On the whole, Utah has lower-than-average levels of political corruption.
At length, former Utah Attorney General John Swallow is finally scheduled to face a jury this week. No matter how Swallow’s story ends, however, it marks an aberration. Federal statistics show that Utah has had very low levels of corruption and political malfeasance over the past several years.
I’m leaning on annual reports from the Public Integrity Section at the Department of Justice, which tabulate the number of federal, state, or local officials (whether elected or appointed) convicted of malfeasance in office each year. Recognizing that more populous states tend to have more elected officials, I use convictions per capita rather than total convictions.

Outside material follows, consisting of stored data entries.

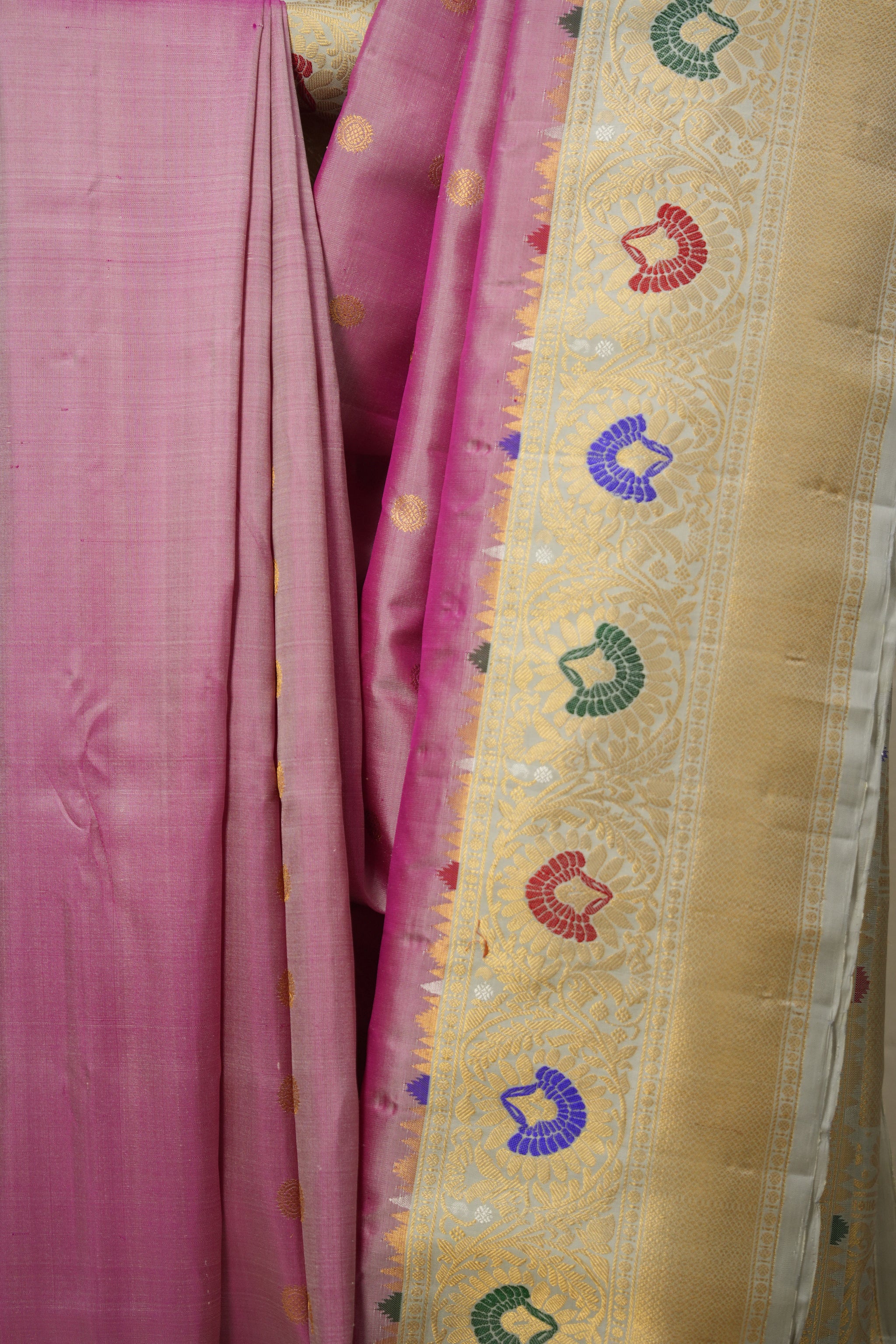 Work - This Gadwal silk saree features a pastel pink colour plain body adorned with small golden buttas and a contrasting colour & zari border with brocade pallu. It features unique and attractive design.
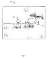 FIG. 3 is an example of a video game with the capabilities of the first embodiment illustrating using a drawing device to alter the game space by drawing a shape within the video game environment.FIG. 3 depicts a similar example of a video game as that depicted inFIG. 2 and includes the same characters and video game environment. However,FIG. 3 further depicts a user of the video game altering the game environment by drawing a shape within the video game and, hence, adding a new feature to the video game environment to interact with the characters.
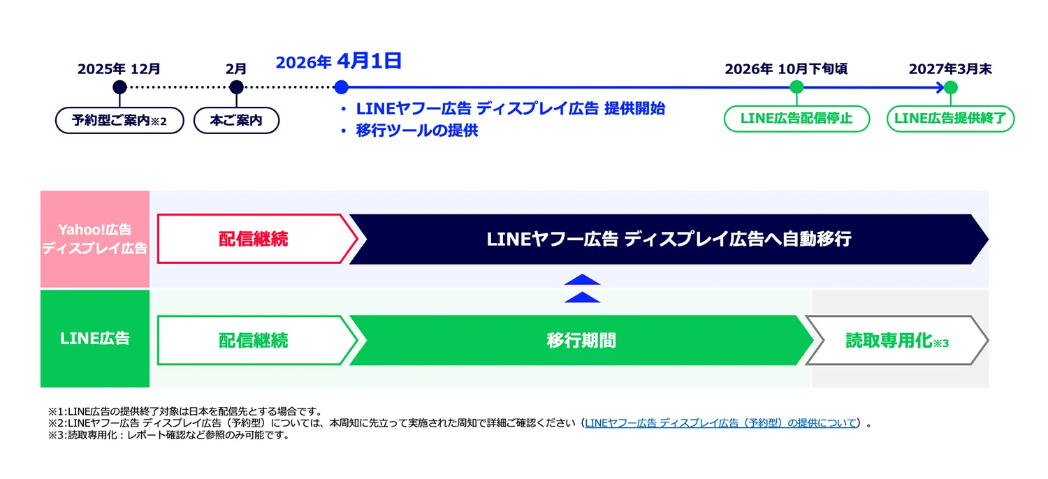 LINE広告は2026年10月下旬頃に広告配信を停止予定です。それまでに、LINEヤフー広告への移行を完了してください。

Well, actually I’m using convictions per 1,000,000 residents, which makes for more workable numbers.
The result? From 2002 through 2015, Utah averaged 1.4 convictions each year per million residents. Only 5 states did better: Oregon (1.0 per year), New Hampshire (1.0), Minnesota (1.2), South Carolina (1.2), and Washington (1.2). Some did far worse: Louisiana (9.3 per year), South Dakota (8.0), North Dakota (7.3), and Kentucky (6.8).
If you’re like me, the chart below will be easier to understand than the preceding paragraph. Click it to make it bigger and easier to read. You’ll find Utah near the top, ranked 6th out of 50 states, only marginally behind the leaders.
Here’s another, slightly more complicated way to look at it. The next chart shows the yearly total separately for each state. You’ll see that Utah stays steadily low, while some states have spikes up and down. Again, click the image to enlarge it. States are ordered alphabetically this time, so Utah comes on the last row:
Caveat #1: The Justice Department’s statistics count only convictions won in federal court (whether against federal, state, or local officials from a state). They do not count convictions won in state court. Of note, Swallow is being tried in state court. For that to shuffle these rankings, though, you have to persuade me that the feds are systematically less likely to bring charges in federal court in Utah than elsewhere.
Caveat #2: These statistics count only the number of convictions, with no consideration of the qualitative impact of an official’s malfeasance. This caveat matters a lot more than the preceding one: If Swallow really did what he’s accused of doing, then the scale of his corruption goes far beyond most abuse of office.
In any event, after some turbulent weeks for political news, isn’t it nice to hear something good? On the whole, Utah has lower-than-average levels of political corruption.